The motion of an attended object’s image on the retina is the initial visual sensory signal (retinal motion signal) responsible for initiation of smooth-pursuit eye movements. This initial response is independent of visual feedback, hence called the open-loop response. In humans the oculomotor response latency during the open-loop condition varies from 60 to 150 ms, typically around 120 ms (Lisberger and Westbrook 1985; Barnes et al. 1987; Churchland and Lisberger 2001). Once the feedback loop (closed loop) is established, the target image is well-foveated with the eye moving at a speed that approximates that of the target, resulting in limited retinal motion. To maintain accurate pursuit during closed-loop condition, the visual system uses internal representations of the motor command and previous retinal motion information (i.e. extraretinal motion signals) to produce predictive pursuit eye movements (Barnes et al. 1987; Barnes and Asselman 1992; Turano and Massof 2001). The predictive component of the pursuit response can be assessed by briefly masking a target along its trajectory (removing retinal stimulation) and examining the resulting gain (eye speed/expected target speed in mask) (e.g. Thaker et al. 1998). Previous target-masking experiments have shown that patients with schizophrenia and their first-degree relatives show reduced predictive pursuit gain (Thaker et al. 1998, 1999). Behavioral modeling of sustained visual tracking in healthy controls has shown that pursuit eye velocity depends primarily on predictive pursuit. In comparison, performance among relatives of schizophrenia patients relies more on retinal signals—presumably to compensate for putative deficits in generating, storing, and/or utilizing extraretinal signals (Thaker et al. 2003).

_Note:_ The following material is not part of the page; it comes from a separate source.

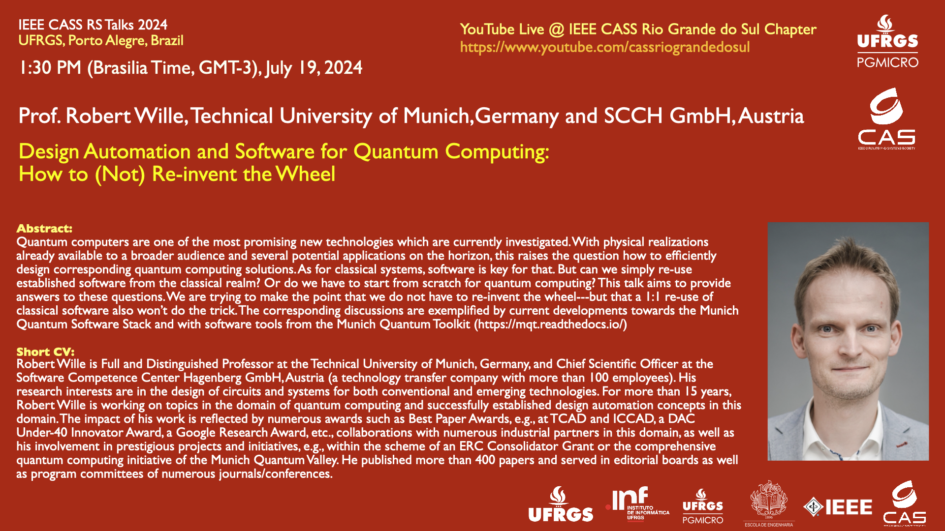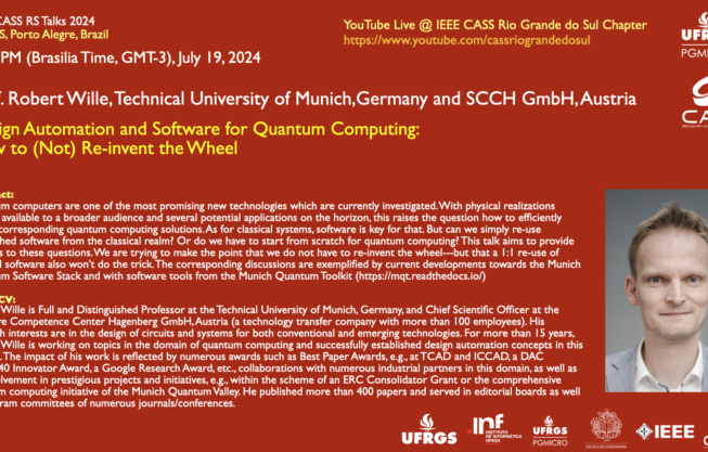No dia 19 de julho às 13:30h (Horário de Brasília) ocorrerá a palestra “Design Automation and Software for Quantum Computing: How to (Not) Re-invent the Whee” com Prof. Robert Wille, Technical University of Munich,Germany and SCCH GmbH, Austria.

On the basis of these findings one would predict that schizophrenia patients would actually perform better than unaffected individuals following an experimental manipulation that favored retinal motion-based performance over predictive pursuit. To test this hypothesis, we designed a pursuit task that employs unexpected changes in target direction during sustained visual tracking. Because patients presumably rely more on immediate visual feedback, they would have less difficulty responding to the unexpected change in target direction compared with healthy controls, whose reliance on prediction would interfere with performance under these conditions. We further hypothesize that the better performance in schizophrenia patients should occur only in a brief period around the response latency of the oculomotor system. This is because retinal motion signal from the unexpected target change cannot benefit pursuit performance before the system lag (~120 ms) is overcome; and better performance in patients based on this “new” retinal motion signal should also quickly diminish, because the closed loop regarding the new target motion will also be quickly re-established, at which time the healthy controls should regain their advantage. To test these predictions, we examined smooth pursuit response during the first 300 ms in 30 ms epochs after the unexpected change of target direction.
Methods and materials
All subjects gave informed written consent in accordance with University of Maryland Institutional Review Board guidelines. For patients an additional evaluation of the capacity to sign consent was administered to assess the subject’s understanding of the planned experiments (Carpenter et al. 2000). The study included 23 schizophrenia patients and 22 normal controls. Schizophrenia patients with deficit syndrome were not included because an earlier study suggested pursuit initiation abnormalities might mark the syndrome (Hong et al. 2003; more details are given in the Discussion section). Subjects were recruited and assessed using methods described in detail in earlier publications (Thaker et al. 1999). Briefly, all patients were recruited through the outpatient programs at the Maryland Psychiatric Research Center. Healthy subjects were recruited through newspaper advertisements. The Structured Clinical Interview for DSM-IV (SCID-IV) (First et al. 1997) and Schedule for Deficit Syndrome (Kirkpatrick et al. 1989) were used to screen all subjects. Healthy comparison subjects had no DSM-IV Axis I or II diagnoses, and no family history of psychotic illness. Ten patients were on first-generation antipsychotic medication, ten patients were on new-generation antipsychotic medication, and three were not on medication at the time of testing. Patients were clinically stabilized as defined by no changes in antipsychotic medication four weeks or more before testing. The average dose of antipsychotic medication as measured by daily CPZ equivalent was 636.7±406.8 mg. Clinical symptoms were assessed by using the brief psychiatric rating scale (BPRS; Hedlund and Vieweg 1980). Average BPRS total score was 32.5±7.6. Patients and controls were not different in age (33.9±8.7 and 37.5±7.4, respectively, t=1.5, P=0.14). There was a greater proportion of males in the patient group (five females:18 males among patients compared with 14 females:eight males among controls) (χ2=8.1, P<0.01). Accordingly, gender-adjusted analyses on the pursuit measures were reported (see Results section).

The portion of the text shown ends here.